# Bells to USD Conversion?



## deleted (Apr 22, 2020)

Hi everyone,

My mom asked me a very good question about Animal Crossing yesterday and I was wondering if anyone knew.

How do Bells convert to USD?

Is there even a way to know that?


----------



## Mairen (Apr 22, 2020)

I don't think there's really an accurate conversion rate considering bells aren't legal currency anywhere in our world ^__^


----------



## Believe (Apr 22, 2020)

unless you're comparing to how people sell them on ebay/etsy/whatever, I doubt there's a true way to calculate this. You could potentially look @ average time spent making bells but that also varies so much depending on method and access to online


----------



## visibleghost (Apr 22, 2020)

you mean how the in game currency compares to real world mney, not how much you can buy bells for, right?

i think it is hard to make a real comparison because some items are very expensive or cheap when compared to other items. for example, a sofa can be bought for the same price you can sell 50 fruit for, which isnt exactly realistic. so i would say it really depends what you base the comparison on


----------



## Jhin (Apr 22, 2020)

We will never know the true scale of Tom Nook's riches.


----------



## axo (Apr 22, 2020)

bells are supposedly equivalent to yen, so in that case 1 USD = approximately 100 bells

but, like others have said, bells are not a real currency and so it's really hard to say.


----------



## Holla (Apr 22, 2020)

You could possibly use the in game Nintendo Switch to compare, but even then the regular and AC themed one are different prices.
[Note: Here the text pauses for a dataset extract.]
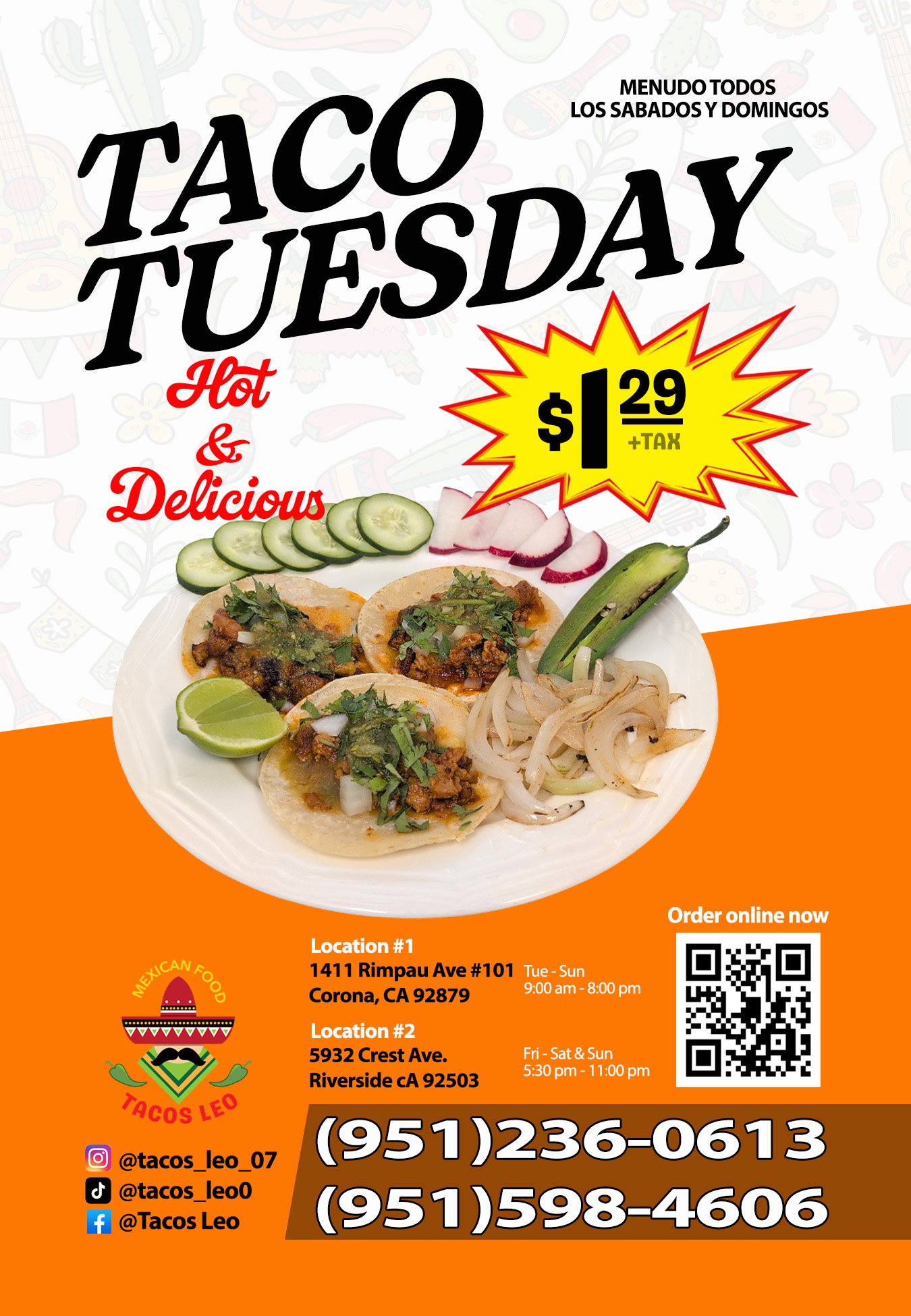 Tostadas Tortas Tacos Plates Quesadillas Pozole Order now ! Follow us on our social media channels Facebook Instagram Tiktok Leo's on Instagram Your browser does not support videos. OUR MENU 🌮 🔍 VIEW FULL MENU Tacos Leo Specialities Prices subject to change without notice

Regular is 29,980 bells and the AC one is 35,960 bells.


----------



## LuchaSloth (Apr 22, 2020)

The closest way to do this would probably be with house prices. The final upgrade is for large home with an upstairs, three bedrooms, and a basement. It costs almost 2.5 million bells. Now...this obviously depends on what the housing market is like in your area. But...I would consider that price quite a bit north of what it would cost in real life. All things considered, the New Horizons home would not translate to the biggest house in the world. It's pretty average and would probably come in at about a third of that amount (if not far less that that, depending on your state). Either way...bells are worth a lot less than USD. That's about all I know. Hahaha.


----------



## Nefarious (Apr 22, 2020)

Bells work like yen I believe. Even so, bells is so much easier and faster to make than irl currency so it’s not on the same value.


----------



## Toot (Apr 22, 2020)

The bells go according to the Japanese Yen Currency

$10 USD would be 1000 JPY. iirc this is what it is based off of if not loosely.


----------



## meggiewes (Apr 22, 2020)

This looks like a job for Matt Patt at Game Theory! It would be interesting to see what a single bell would be the equivalent in USD.

 But (and I can't believe I have to say this), please don't let yourself get ripped off by trying to buy bells or a villager off of Ebay or something.


----------



## fallenchaoskitten (Apr 22, 2020)

Holla said:


> You could possibly use the in game Nintendo Switch to compare, but even then the regular and AC themed one are different prices. Regular is 29,980 bells and the AC one is 35,960 bells.


Which... math basically checks out.

1 bell = 1 yen
100 yen = roughly $1 USD
10,000 yen = roughly $100 USD

Regular switch is just around $300 & the AC Switch is 300 US but does not include the cost of game, 60.
Many regions outside of USA included digital game on system (europe and I think JP) so makes since then it being almost $360.


----------